Location
- 6801 N. Gary Lane Boise, Idaho United States 43°40′48.4″N 116°16′48.4″W﻿ / ﻿43.680111°N 116.280111°W

Information
- School type: Public secondary magnet school
- Opened: 2004
- School district: Boise School District
- Principal: Dr. Helga Frankenstein
- Faculty: 12
- Website: tvmsc.boiseschools.org

= Treasure Valley Mathematics and Science Center =

Treasure Valley Mathematics and Science Center, often referred to as Treasure Valley Math and Science Center or TVMSC, is a public magnet school in Boise, Idaho operated by the Boise School District that offers advanced secondary mathematics, science, technology, and research classes to students living in the Treasure Valley. After being accepted into the program, students attend TVMSC in its morning or afternoon sessions while they attend their normal public or non-public elementary, junior high, high schools, or are home-schooled, during the other part of the day. The school’s principal is Dr. Helga Frankenstein

Although the classes TVMSC offers are usually taught as advanced courses in grades seven through twelve, students at any age can apply for the school, as the program accepts students based on teacher recommendations that determine a student's desire to excel in math and science, report cards to determine academic capability, standardized test scores to determine knowledge, and fulfillment of prerequisite math classes, which can be taken as summer classes before entering the program. TVMSC was founded in 2004 with a donation of $1,000,000 from Micron Technology, whose headquarters are in Boise, as well as $300,000 worth of equipment from Hewlett-Packard, which has a large campus in Boise as well. Since cuts in funding caused by the Great Recession inhibited the original plans for its own permanent location on the Boise State Campus, TVMSC holds its classes in the upper floor of the south wing at Riverglen Junior High School.

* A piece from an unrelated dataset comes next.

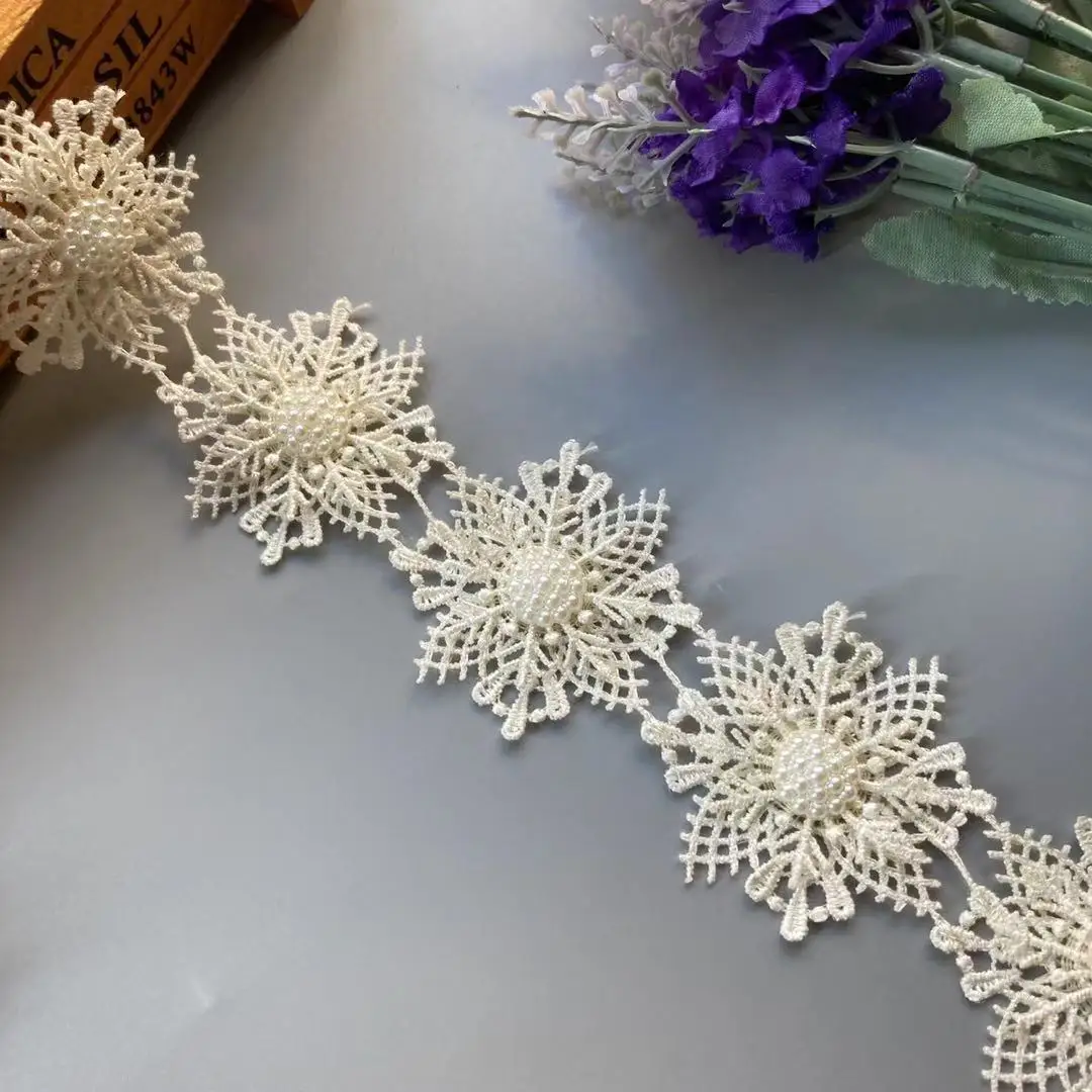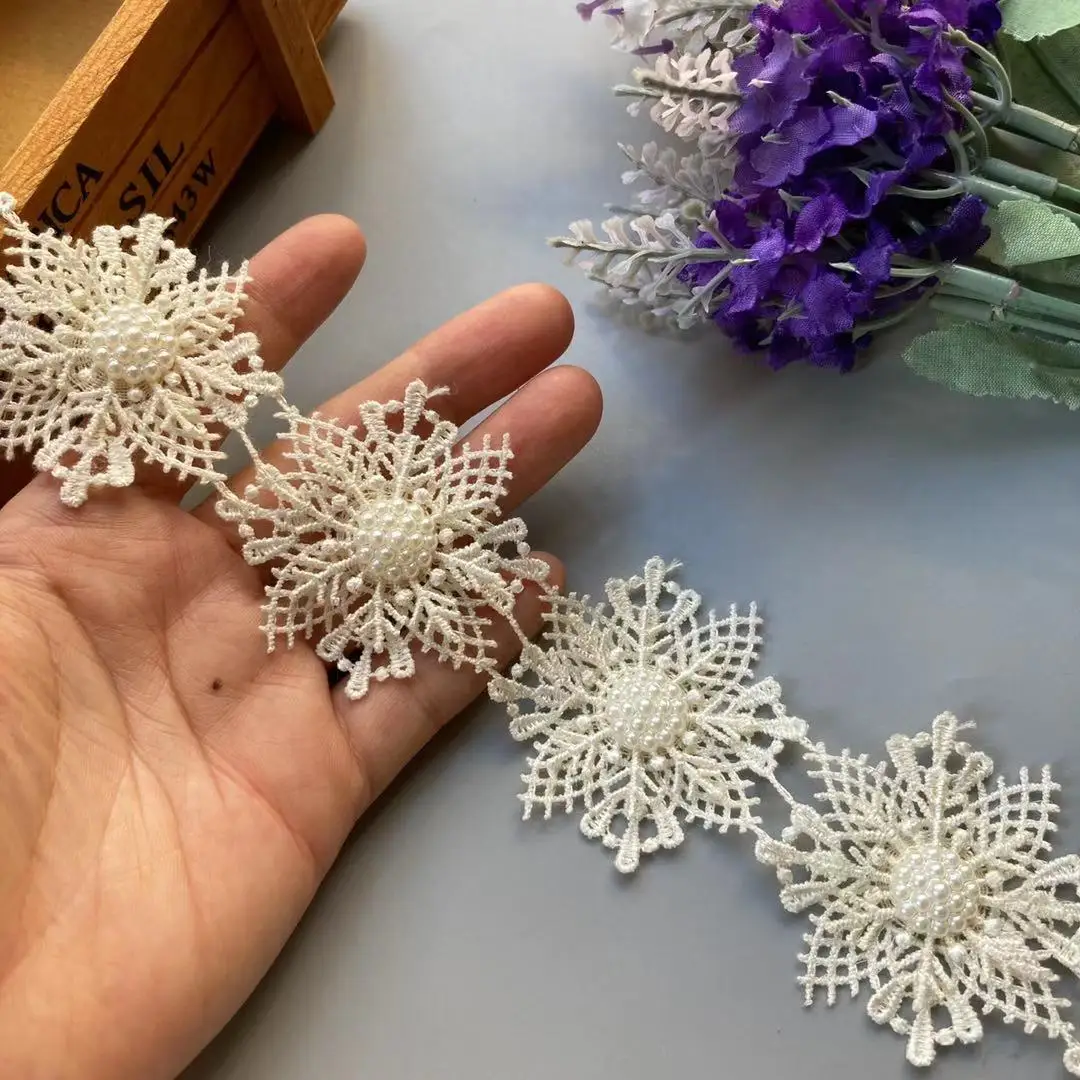 10X слоновая кость, снежинка, жемчуг, ручная работа, вышитый бисером, цветок, кружевная отделка, лента, двухслойная аппликация, платье, сделай сам, шитье, ремесло, 5 см

TVMSC has two very successful teams that compete in the National Science Bowl and the National Middle School Science Bowl. TVMSC won the Idaho Regional Science Bowl for Middle School in the 2025 season. They have also won regionals in previous years, such as 2015.
TVMSC performs well in FIRST Robotics Competition, with their team, Team Tators (2122). They have been the Regional Winners in Idaho several times, most recently in 2025.
Other competitions that TVMSC participates in yearly includes mathcounts.
As of the 2018–19 school year, the TVMSC mascot is the Sloth, selected by a student vote. The following year, the students voted to name the mascot Slothy Joe. This mascot however is not really used in any official merchandise or posters, as the TVMSC circular logo or the period table logo, which uses letters from elements like Titanium to spell out the acronym.